● Your assignment: If a record below holds a picture, drop the picture and copy everything else exactly.

● Exercise inputs:
------------------------------------------------------------

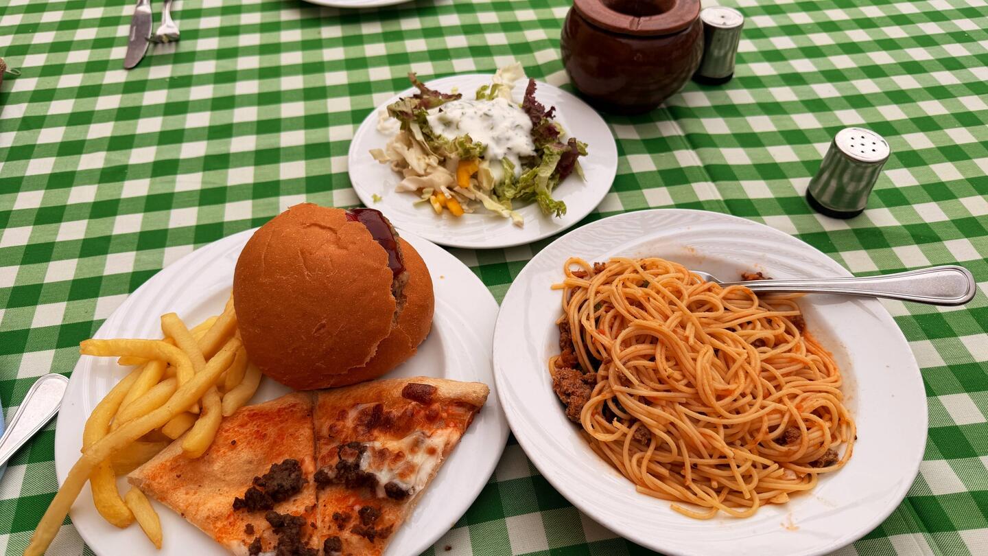 Mal die Favoriten der jüngeren Generation getestet. „Burger“, Pizza und Nudeln von der Pastastation und ein klein wenig Salat 😎
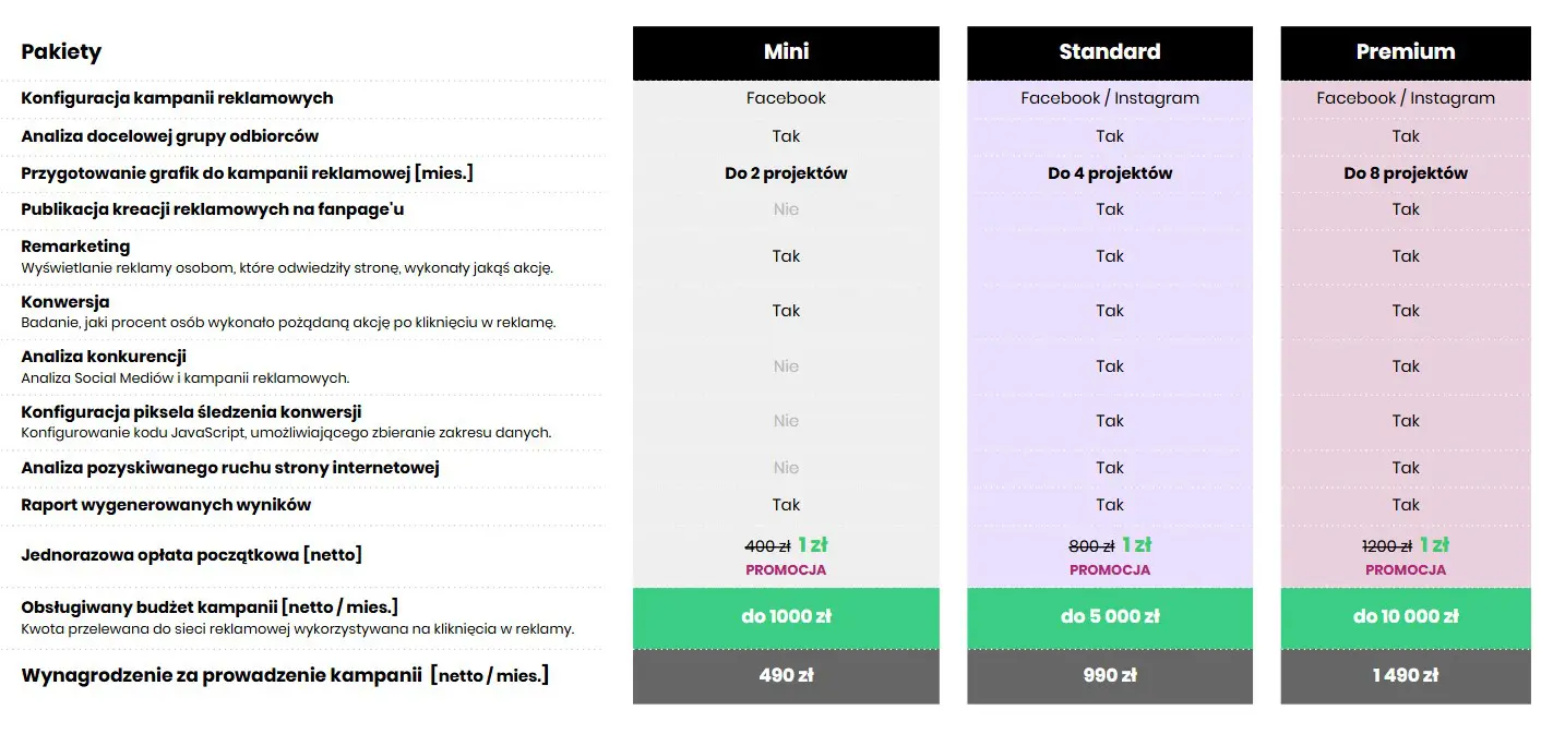 Cennik obsługi reklam Facebook & Instagram
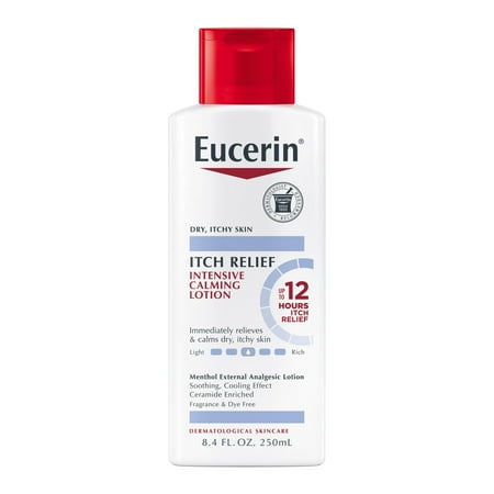 Eucerin Itch Relief Intensive Calming Body Lotion immediately relieves and calms itchiness caused by dry skin and provides up to 12 hours of itch relief. This itchy and dry skin lotion is formulated with cooling menthol to provide instant relief from the i...
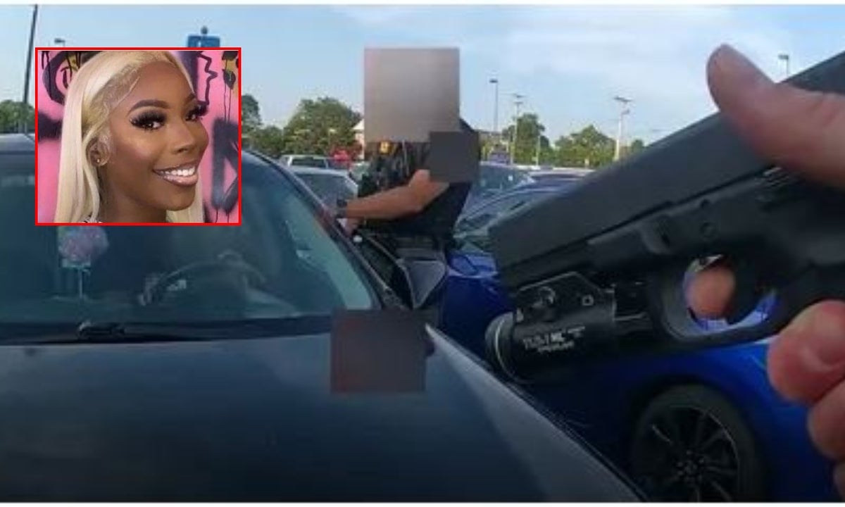 Luego se puede ver a Young girando el volante del automóvil mientras el oficial al lado de su ventana continúa instándola a salir del vehículo.
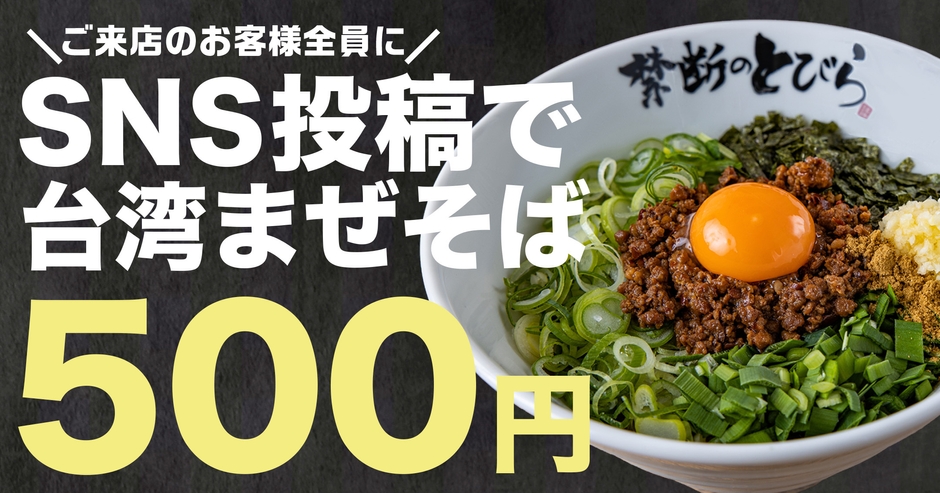 「禁断のとびら」エルエルタウン岡崎店のオープンを記念して、1月11日(火)限定、SNS投稿で台湾まぜそばを一杯500円でご提供いたします。
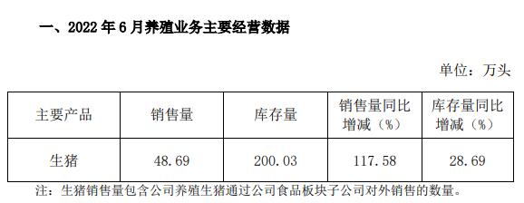 傲農(nóng)生物7月2日公布2022年6月養(yǎng)殖業(yè)務(wù)主要經(jīng)營(yíng)數(shù)據(jù)公告。
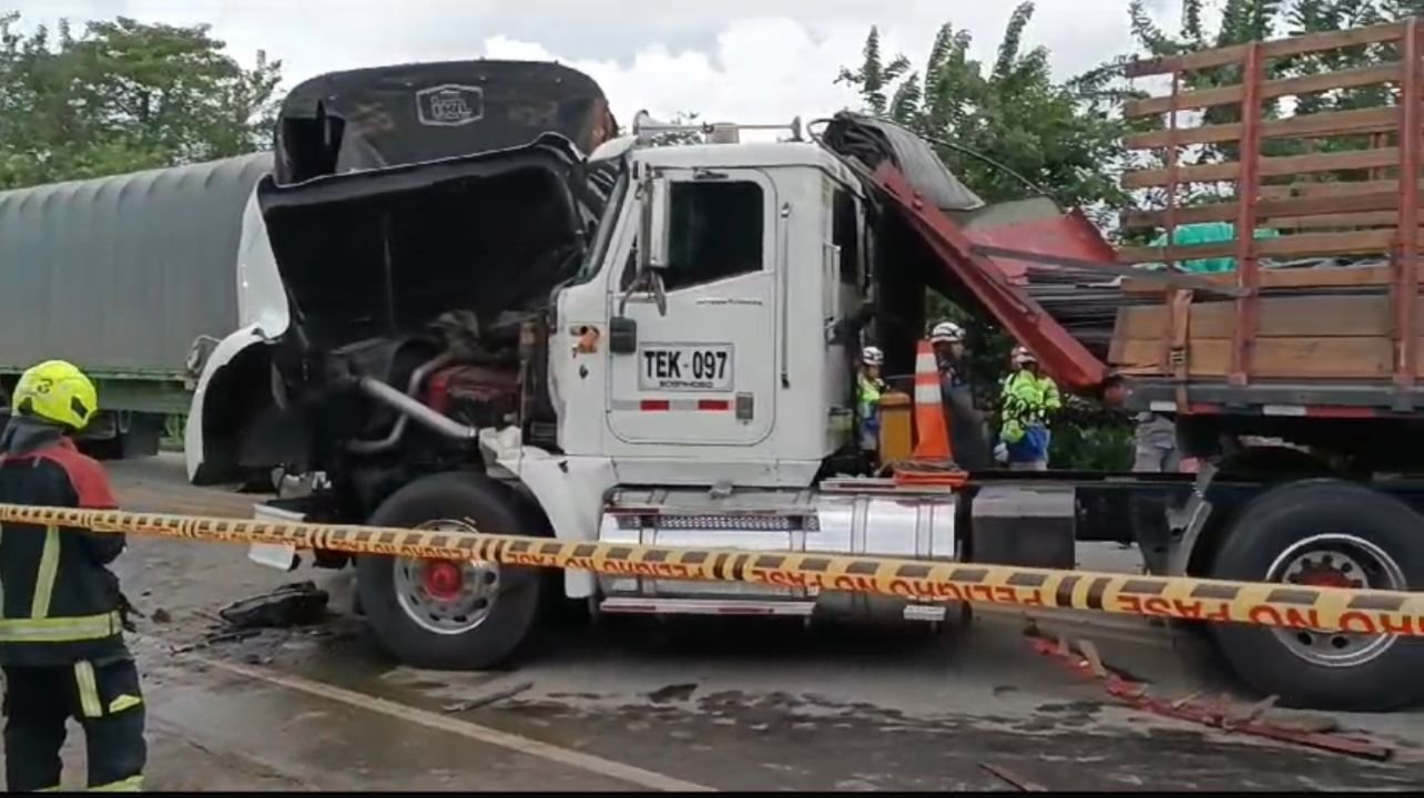 Un fuerte choque entre dos mulas provocó que un bus de Copetran colisionara en la vía entre la Vuelta del Cura y Guamachito, cerrando el tráfico en la

------------------------------------------------------------

● Answer box:
 Mal die Favoriten der jüngeren Generation getestet. „Burger“, Pizza und Nudeln von der Pastastation und ein klein wenig Salat 😎
 Cennik obsługi reklam Facebook & Instagram
 Eucerin Itch Relief Intensive Calming Body Lotion immediately relieves and calms itchiness caused by dry skin and provides up to 12 hours of itch relief. This itchy and dry skin lotion is formulated with cooling menthol to provide instant relief from the i...
 Luego se puede ver a Young girando el volante del automóvil mientras el oficial al lado de su ventana continúa instándola a salir del vehículo.
 「禁断のとびら」エルエルタウン岡崎店のオープンを記念して、1月11日(火)限定、SNS投稿で台湾まぜそばを一杯500円でご提供いたします。
 傲農(nóng)生物7月2日公布2022年6月養(yǎng)殖業(yè)務(wù)主要經(jīng)營(yíng)數(shù)據(jù)公告。
 Un fuerte choque entre dos mulas provocó que un bus de Copetran colisionara en la vía entre la Vuelta del Cura y Guamachito, cerrando el tráfico en la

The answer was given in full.